In Darmstadt leben nach Angaben der ARGE rund 2200 Kinder zwischen 6 und 15 Jahren in Familien, die Leistungen nach dem SGB II oder SGB XII - also Hartz IV - erhalten. Die Einrichtung des Schulmittelbeihilfefonds soll diese Kinder direkt unterstützen und damit ihre Bildungschancen erhöhen. Für einzuschulende Kinder ist ein einmaliger Betrag von 80 Euro und für Kinder zwischen 8 und 15 Jahren jährlich ein Zuschuss von 50 Euro vorgesehen.
"Auch wenn diese Beträge viel zu niedrig angesetzt sind, so ist zumindest ein Anfang gemacht", urteilt der Stadtverordnete der LINKEN, Karl-Heinz Böck.
Insgesamt werden für diesen Schulmittelbeihilfefonds jährlich 120.000 Euro benötigt. Die Stadt Darmstadt zahlt in diesen Fonds nur 40.000 Euro ein. Die restlichen 80.000 Euro sollen "über Spenden und Sponsoring von Unternehmen und Bürgerinnen und Bürgern" akquiriert werden.

2000 geladene Gäste

Wäre allein die Einweihungsfeier des "Darmstadtiums" am Nikolaustag des vergangenen Jahres nicht gar so üppig ausgefallen - die rund 2000 geladenen Gäste wurden für circa 120.000 Euro verköstigt und unterhalten - müsste die Stadt nicht in dieser Art und Weise bei den Ärmsten und Schwächsten knapsen.
Sozialdezernent Partsch kündigte der Presse gegenüber an, auch Bürobedarfshersteller anzuschreiben, ob sie ihr Material billiger oder umsonst zur Verfügung stellen.
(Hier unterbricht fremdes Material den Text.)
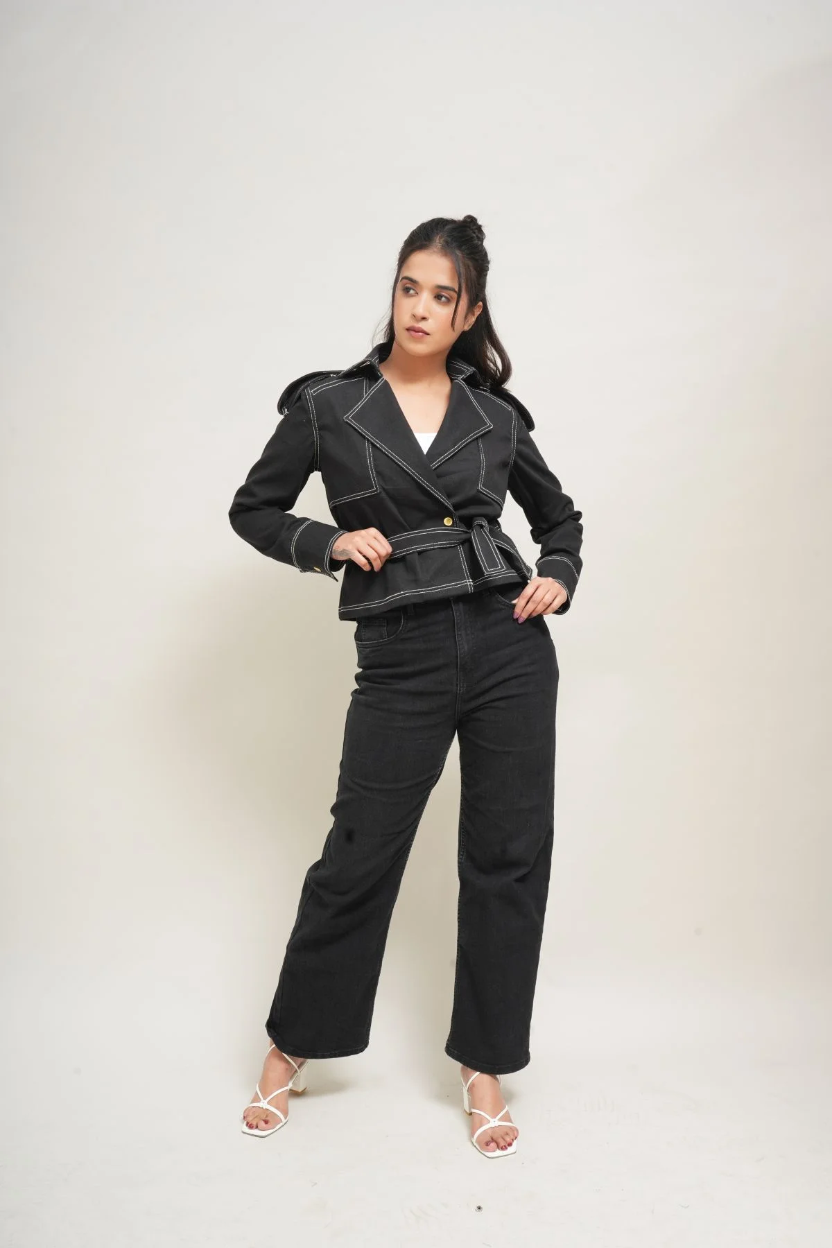 Elevate your everyday style with The Gia Jacket—crafted in premium black denim and highlighted with bold white contrast stitching. Designed with a flattering wrap silhouette, structured lapel collar, and a tie-up belt that cinches the waist beautifully, this piece blends feminine shaping with a modern, edgy finish.

Wieder einmal zeigt sich hier die paternalistische Almosenmentalität der Stadtvorderen, die augenscheinlich nicht davor zurückschrecken bedürftige Kinder mit einheitlichen Schulmaterialien auszustatten und so zusätzlich zu stigmatisieren. Nach dem Motto: "Schau an, schon wieder ein Hartz-IV-Kind mit dem Schulranzen von XY."
Ob der Darmstädter Sozialdezernent dafür sorgen wird, dass die Familien der antragsberechtigten Kinder über die Einrichtung des kommunalen Schulmittelbeihilfefonds in angemessener Weise informiert werden - z.B. durch ein entsprechendes Anschreiben der ARGE - war seiner Presseerklärung von Ende Januar nicht zu entnehmen.
Mit jedem armen Kind lebt auch mindestens eine arme Mutter oder ein armer Vater zusammen. Wer wirklich und nachhaltig etwas gegen Kinderarmut tun will, der muss bei der Einkommensarmut der Eltern ansetzen. Neben einem flächendeckenden, gesetzlichen Mindestlohn ist eine deutliche Erhöhung der Hartz-IV-Regelsätze für alle, die keinen existenzsichernden Arbeitsplatz finden können, dringend notwendig. Um Grundbedürfnisse wie etwa gesunde Ernährung abzudecken sowie eine angemessene Teilhabe an Bildung, Kultur und Sport zu sichern, gibt es dazu keine Alternative.

Unsere Meinung

Von den Hartz-IV-Parteien SPD, CDU, Grüne und FDP sind solche Maßnahmen nur dann zu erwarten, wenn der Druck durch die Bevölkerung und den Sozialverbänden so massiv wird, dass ihnen keine Ausflüchte mehr offen stehen.